In this case series of 11 patients with MTS, there was high intrapatient concordance of MMRP IHC staining between different sebaceous neoplasms of individual patients (range, 2-4 lesions per patient), with 36 of 38 lesions matching the confirmed germline mutation (sensitivity, 94.7%; 95% CI, 82.3%-99.4%). Extrafacial lesions (n = 16) corresponded to patients’ known germline mutation in 100% of cases.

Meaning

These findings may suggest that MMRP IHC has high reproducibility across sebaceous lesions within an individual patient with MTS, and that this test may be used to support a diagnosis of MTS when clinical suspicion is strong.
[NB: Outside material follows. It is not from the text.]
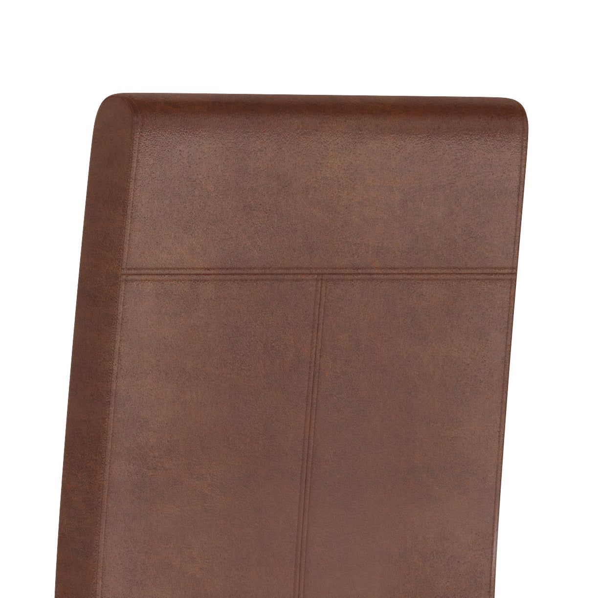 Bring a refined, contemporary touch to your dining space with these Acadian Parson dining chairs. Upholstered in distressed saddle brown vegan faux leather and supported by solid wood legs, this set of two combines comfort, durability, and easy-care styling—ideal for everyday meals or entertaining guests.

This case series assesses the concordance of mismatch repair protein immunohistochemical staining between different sebaceous neoplasms in patients with Muir-Torre syndrome.

Abstract

Importance

Appropriate use criteria for Muir-Torre syndrome (MTS) screening suggest that mismatch repair protein (MMRP) immunohistochemical (IHC) testing is usually appropriate in patients with 2 or more sebaceous neoplasms (SNs). While MTS is known to be caused by a germline mutation in mismatch repair genes, data are limited as to whether individual sebaceous tumors in these patients with multiple lesions show identical MMRP IHC staining patterns.

Objective

To determine concordance of MMRP IHC staining patterns in lesions of patients with MTS who have multiple SNs.

Design, Setting, and Participants

This retrospective single-center case series evaluated 38 SNs in 11 patients with MTS confirmed by genetic testing for MMRP IHC staining patterns. Tumor sites were classified as either facial or extrafacial. Data were collected between January 1, 2007, and January 1, 2018.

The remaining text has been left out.